Bazm contient la possibilité d’un imprévu. Bazm relate la façon dont onze interprètes peuvent dévier, peut-être, d’un objectif initial. Il y a là une idée d’incertitude, une palette d’émotions possibles très riche, dont les frontières sont poreuses et c’est cela qui m’intéresse.

Questionnant la notion de répertoire, et la façon dont il se construit et se légitime, Armin Hokmi place au centre de son travail le regard et la façon dont celui-ci se confronte à la scène, à la fois informé par l’expérience de ce qu’il connaît, ou sensible à la présence de l’incertain.

Bazm (repertoire) cherche à transmettre tout en jouant dans l’ espace de l’intraduisible.
De sa pièce Shiraz, acclamée en 2024, à Bazm (repertoire), Armin Hokmi poursuit en toute exigence une recherche sur la dimension profonde de la danse : Chaque pièce est pour moi une façon de me confronter avec ce sujet fondamental qu’est le vocabulaire chorégraphique.
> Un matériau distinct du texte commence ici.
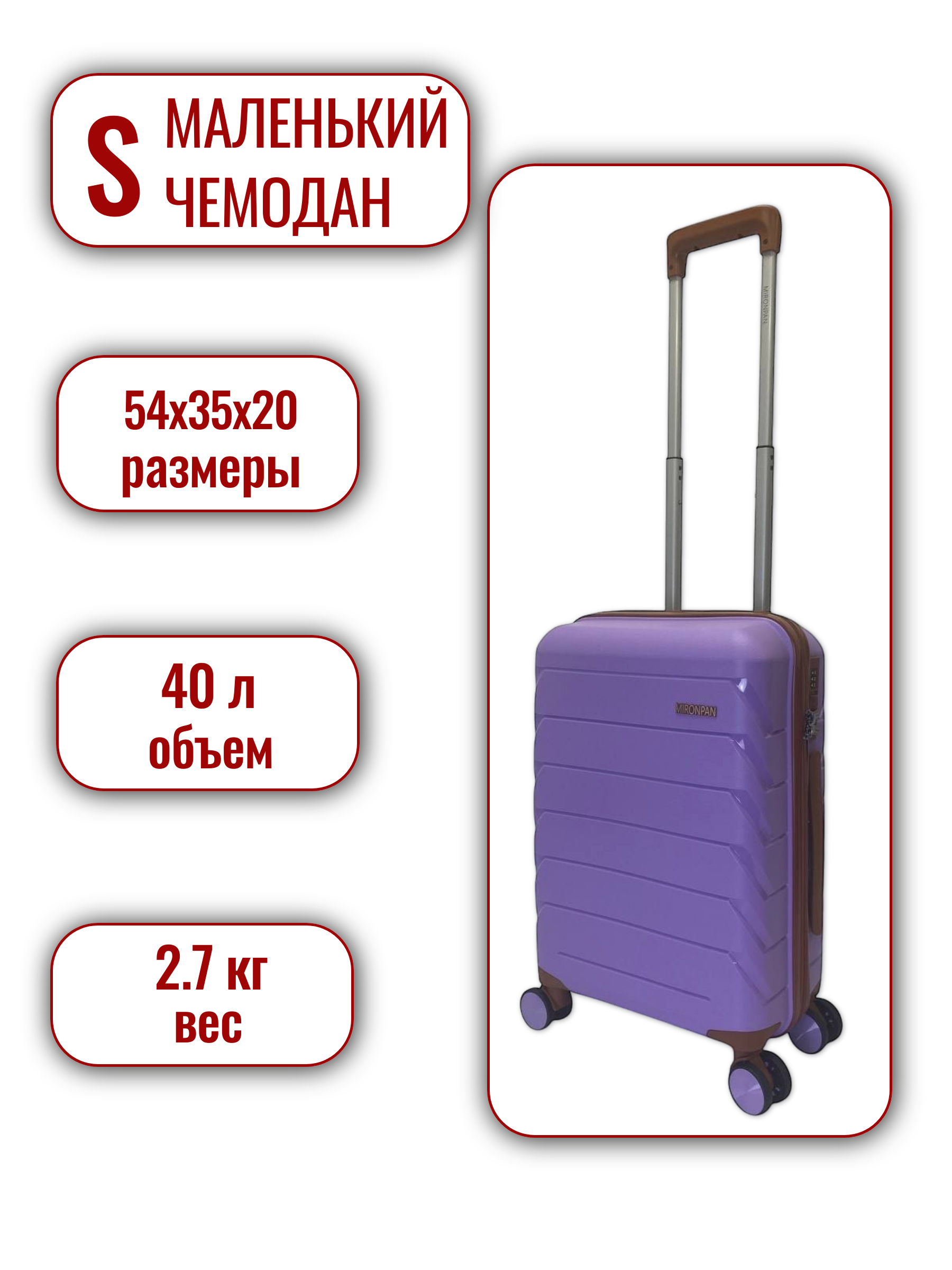 Габариты, см: 54х35х20. Размер: S. 20 дюймов. Вес, кг: 2,7. Объем, л: 40. Без расширения.
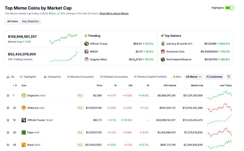 Pasar memecoin secara keseluruhan tumbuh 1,4% dengan total kapitalisasi $130 miliar (Rp2.127 triliun). Namun, token lama seperti Dogecoin , Pepe , dan SHIB mencatat kerugian, dengan SHIB kehilangan kapitalisasi pasar senilai $700 juta (Rp11,5 triliun). Perubahan ini mencerminkan pergeseran perhatian investor ke token baru yang berbasis narasi.
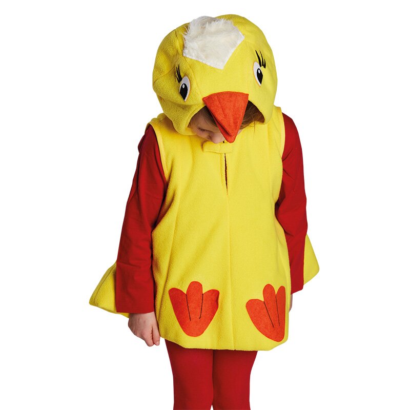 Bauschig geschnittenes Kapuzenoberteil aus einem quietschgelben Stoff. Auf der Vorderseite sind orangene Entenfüße appliziert. Die Kopfbedeckung ist mit Augen, einem Schnabel und einem Federflaum dekoriert.
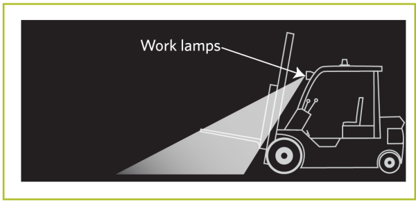 Work lamp means a high-intensity lamp, which is not necessary for the operation of the vehicle but is designed to illuminate a work area or scene, and includes a scene lamp, a spot lamp and an alley lamp. In the case of a forklift without headlamps, forward-facing work lamps must be fitted to illuminate the road ahead during the hours of darkness.
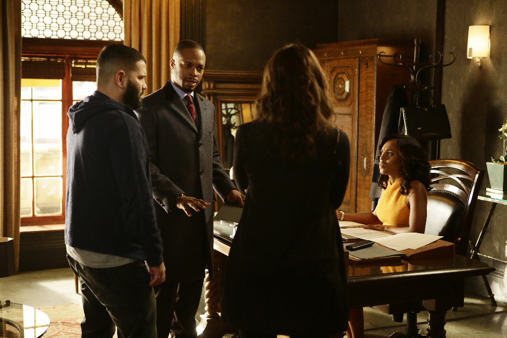 SCANDAL - "The Fish Rots From the Head" - Olivia and the team take on some embattled Secret Service agents. Meanwhile, Abby has her hands full trying to keep Fitz in line, and Jake begins to reveal a few secrets of his own, on an all-new "Scandal," THURSDAY MARCH 10 (9:00-10:00 p.m. EST) on the ABC Television Network. (ABC/Nicole Wilder)GUILLERMO DIAZ, CORNELIUS SMITH JR., KERRY WASHINGTON
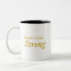 Die "Rhode Island Strong" Zwei-Tone-Kaffee-Tasse verkörpert zeitgenössische Design-Trends und feiert gleichzeitig die Widerstandsfähigkeit und den Geist von Rhode Island. Diese Tasse, die mit einem scharfen Blick für moderne Ästhetik gestaltet wurde, verbindet die minimalistische Eleganz nahtlos mit einer wirkungsvollen Botschaft. An der Vorderseite der Tasse wird die fett-stylische Typografie gezeigt, die "Rhode Island Strong" in goldenen Buchstaben ausdrückt. Der Einsatz von Goldakzenten verleiht der Tasse eine Touch von Luxus und Prestige, was die visuelle Anziehungskraft erhöht und eine kraftvolle Aussage macht. Die Wahl des Schriftartes spiegelt moderne Designsensibilitäten wider, mit schlanken Sans-Serif-Figuren, die ein Gefühl von Stärke und Widerstandskraft vermitteln.
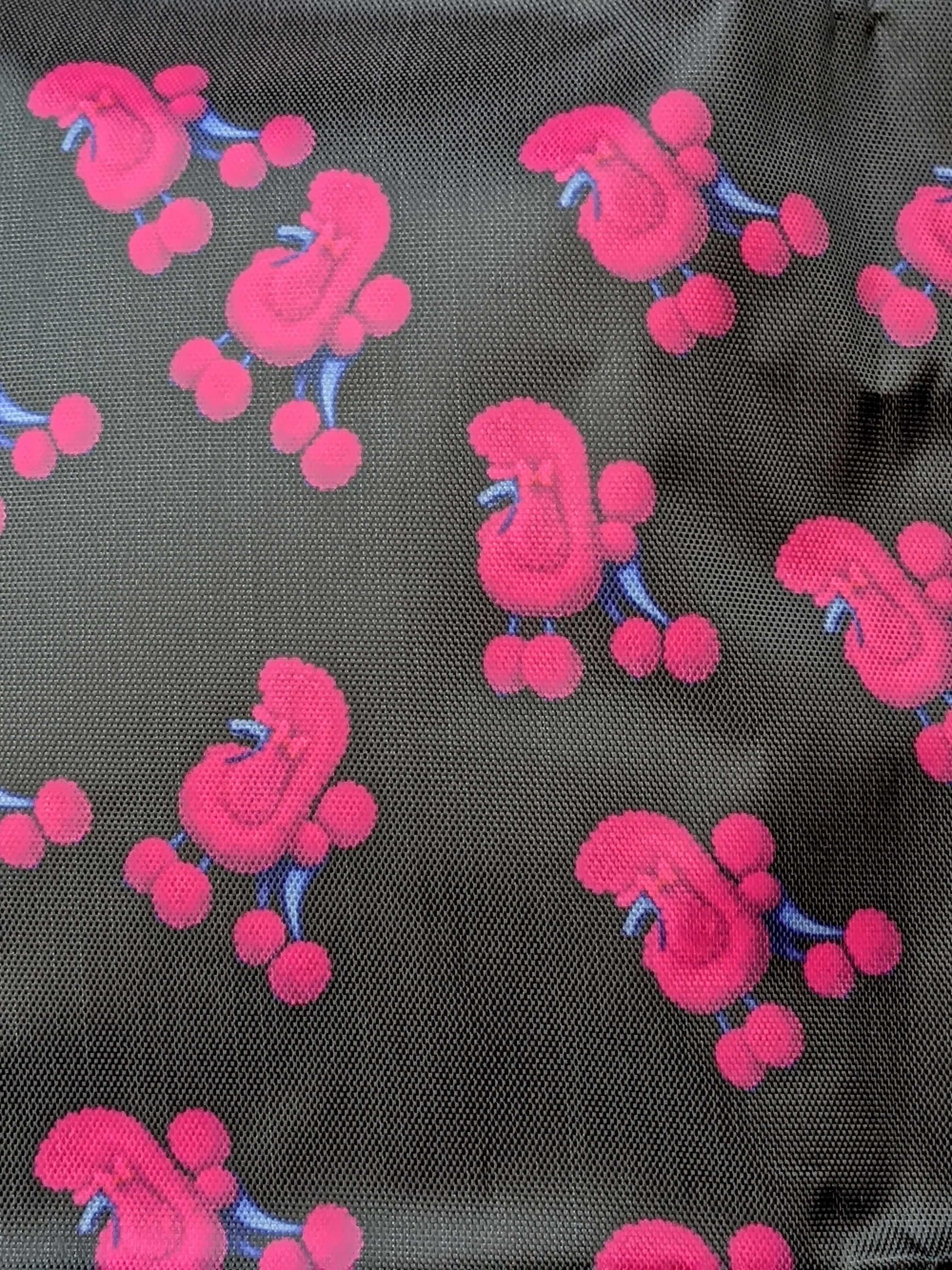Ce tablier est vraiment bien fait et robuste. matériau résistant qui peut manipuler les ongles des chiens et s’appuyer contre les surfaces. Très joli design de caniche.
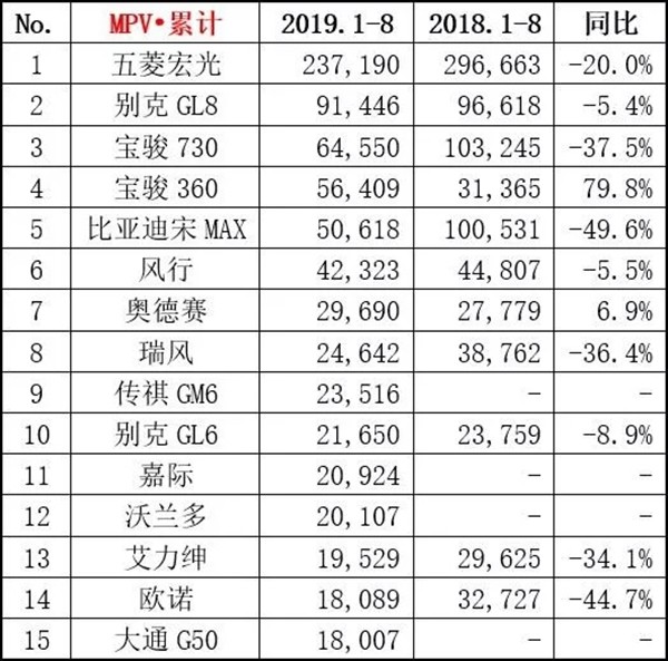 附上2019年8月轎車/SUV/MPV累計銷量TOP15
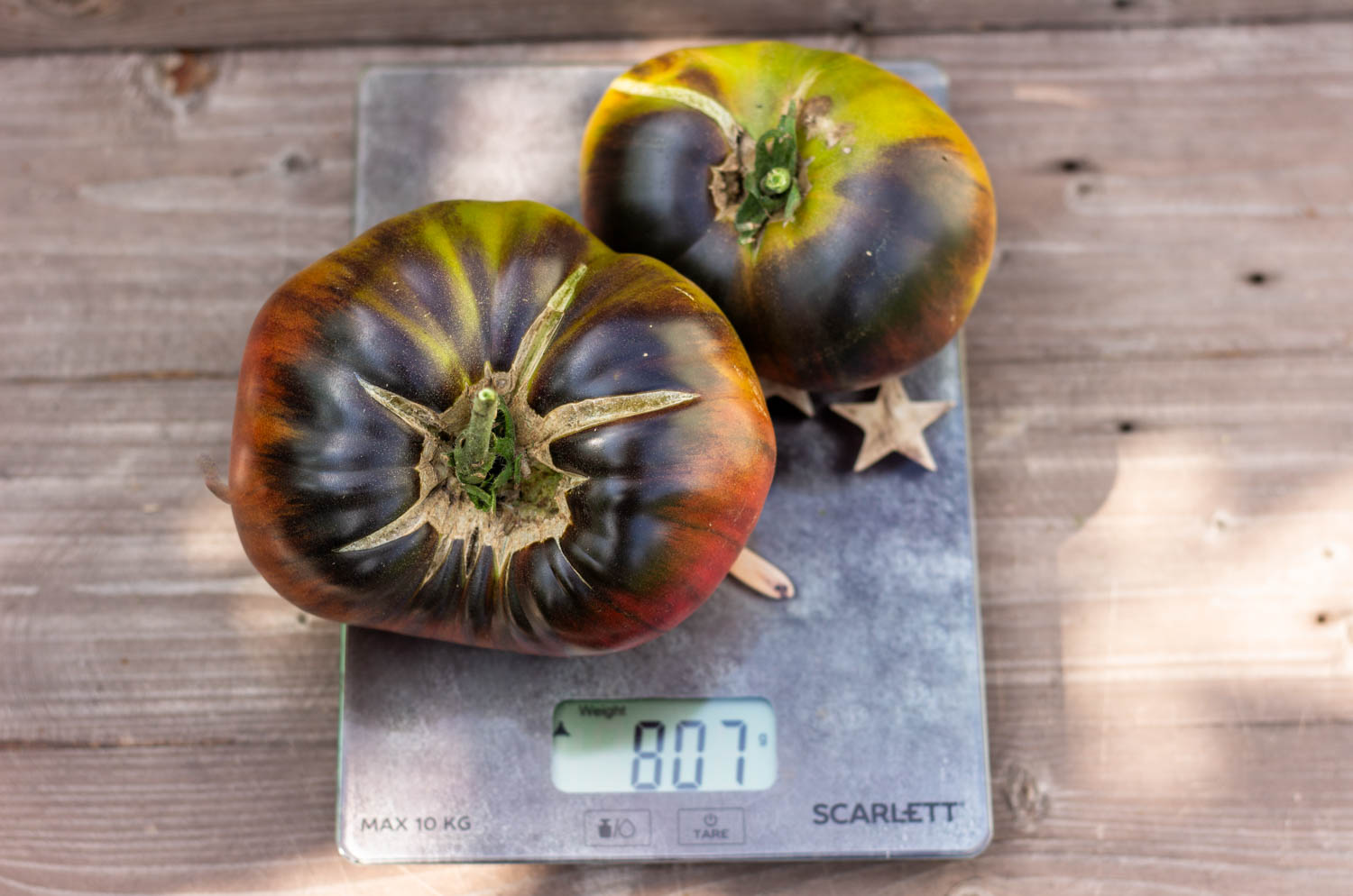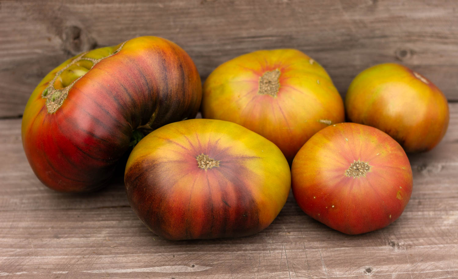 Высокорослый до 2 метров, среднеспелый. Плоды плоскоокруглой формы, с пышными плечами и складками, оливкового цвета с бордовыми полосами и разводами, с хорошей долей антоциана. Масса 200-600гр.
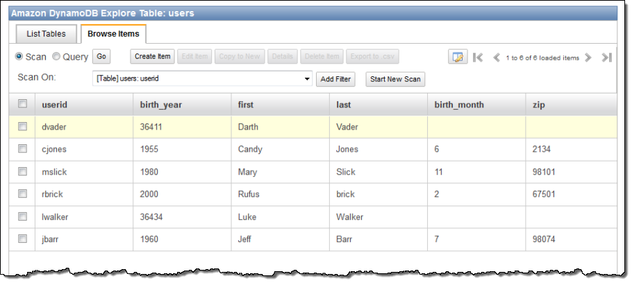 The AWS Management Console now supports scanning on secondary indexes. Suppose I have the following items in my table:
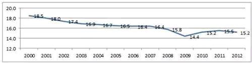 欧盟工业产值占总产值比重,2000-2012
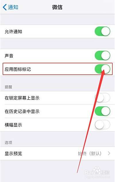 点击第三项【应用图标标记】右边的按钮,关闭即可。这样微信应用上就不会有数字提示了,其他的应用也可以这样设置。
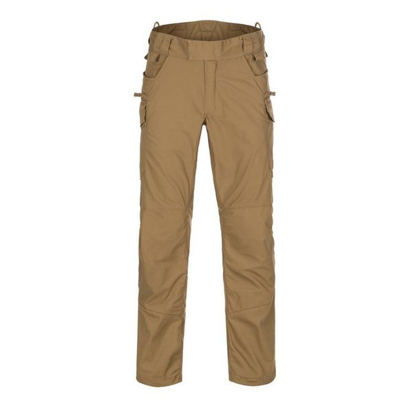 The pants have minimalistic loops for suspenders. Wide belt loops will fit up to 50 mm belts, while additional loops on front allow dummy cording. Additional visual feature are the Helikon-Tex® branded buttons. To provide better protection against small rain, the fabric can be impregnated with special wax.

Ou comment, au sein d’une entité, donner à chacun un rôle crucial sans que personne ne possède le savoir d’ensemble.

Travaillant dans la synchronicité, les onze interprètes de Bazm (repertoire) reconfigurent ensemble une façon d’exister dans la matière-temps. Lignes, figures géométriques, mouvements donnent à la danse son rôle fondamental : reconfigurer la façon dont l’oeil perçoit le corps.

Concevoir la danse c’est concevoir une forme indéterminée où les interprètes vont, pas à pas, s’engager dans une démarche de dépassement. Comme dans la nature, dont la beauté visible repose aussi sur une forme d’incertitude.